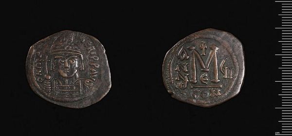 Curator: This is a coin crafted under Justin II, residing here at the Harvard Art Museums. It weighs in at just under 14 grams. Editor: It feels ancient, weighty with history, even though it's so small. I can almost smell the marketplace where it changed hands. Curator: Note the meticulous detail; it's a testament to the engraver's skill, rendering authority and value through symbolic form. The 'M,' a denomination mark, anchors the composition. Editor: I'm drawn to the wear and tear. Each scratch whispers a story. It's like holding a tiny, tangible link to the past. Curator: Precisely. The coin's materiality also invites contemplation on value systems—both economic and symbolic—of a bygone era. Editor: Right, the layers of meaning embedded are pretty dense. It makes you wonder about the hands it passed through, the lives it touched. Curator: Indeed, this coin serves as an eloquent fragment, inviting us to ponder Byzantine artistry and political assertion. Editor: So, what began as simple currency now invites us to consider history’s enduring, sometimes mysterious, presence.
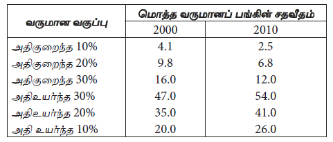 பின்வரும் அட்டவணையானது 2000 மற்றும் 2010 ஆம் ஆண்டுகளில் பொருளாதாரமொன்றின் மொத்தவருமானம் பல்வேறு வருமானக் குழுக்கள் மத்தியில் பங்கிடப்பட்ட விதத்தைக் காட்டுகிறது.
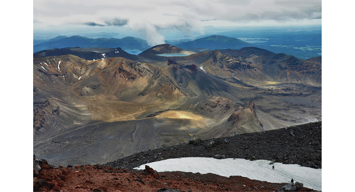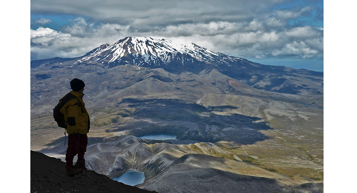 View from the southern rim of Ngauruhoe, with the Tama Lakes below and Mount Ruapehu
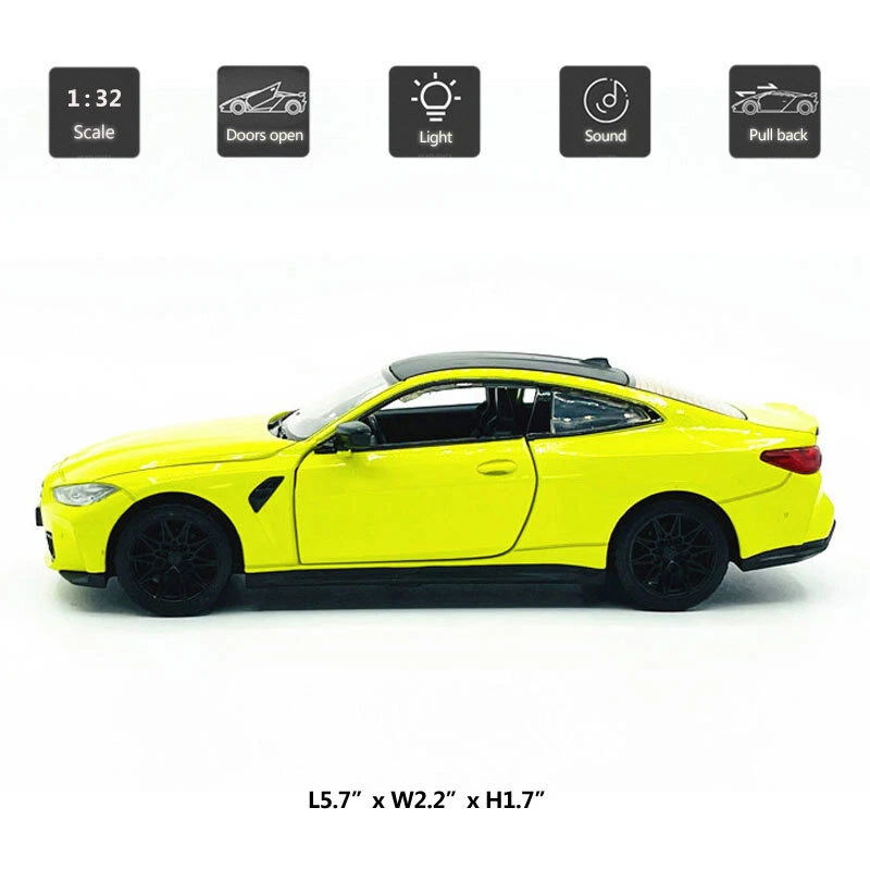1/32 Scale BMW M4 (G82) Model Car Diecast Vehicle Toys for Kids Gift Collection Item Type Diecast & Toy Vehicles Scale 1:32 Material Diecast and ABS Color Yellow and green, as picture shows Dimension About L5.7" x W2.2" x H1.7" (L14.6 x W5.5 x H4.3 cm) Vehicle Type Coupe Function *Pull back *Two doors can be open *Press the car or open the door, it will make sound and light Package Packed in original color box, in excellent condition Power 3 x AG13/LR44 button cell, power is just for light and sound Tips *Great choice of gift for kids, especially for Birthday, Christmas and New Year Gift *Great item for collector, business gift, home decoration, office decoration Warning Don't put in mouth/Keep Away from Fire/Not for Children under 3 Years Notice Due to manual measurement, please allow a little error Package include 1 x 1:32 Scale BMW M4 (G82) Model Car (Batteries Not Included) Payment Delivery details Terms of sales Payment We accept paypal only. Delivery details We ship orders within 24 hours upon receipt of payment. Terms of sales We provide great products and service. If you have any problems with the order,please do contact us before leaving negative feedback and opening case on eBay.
· · · · · · ·
__PROBLEM STATEMENT__: Give again, word for word, every line from the top of the data through the line with "View from the", both ends included, and exclude the pictures.

__THE ANSWER__:
 Curator: This is a coin crafted under Justin II, residing here at the Harvard Art Museums. It weighs in at just under 14 grams. Editor: It feels ancient, weighty with history, even though it's so small. I can almost smell the marketplace where it changed hands. Curator: Note the meticulous detail; it's a testament to the engraver's skill, rendering authority and value through symbolic form. The 'M,' a denomination mark, anchors the composition. Editor: I'm drawn to the wear and tear. Each scratch whispers a story. It's like holding a tiny, tangible link to the past. Curator: Precisely. The coin's materiality also invites contemplation on value systems—both economic and symbolic—of a bygone era. Editor: Right, the layers of meaning embedded are pretty dense. It makes you wonder about the hands it passed through, the lives it touched. Curator: Indeed, this coin serves as an eloquent fragment, inviting us to ponder Byzantine artistry and political assertion. Editor: So, what began as simple currency now invites us to consider history’s enduring, sometimes mysterious, presence.
 பின்வரும் அட்டவணையானது 2000 மற்றும் 2010 ஆம் ஆண்டுகளில் பொருளாதாரமொன்றின் மொத்தவருமானம் பல்வேறு வருமானக் குழுக்கள் மத்தியில் பங்கிடப்பட்ட விதத்தைக் காட்டுகிறது.
 View from the southern rim of Ngauruhoe, with the Tama Lakes below and Mount Ruapehu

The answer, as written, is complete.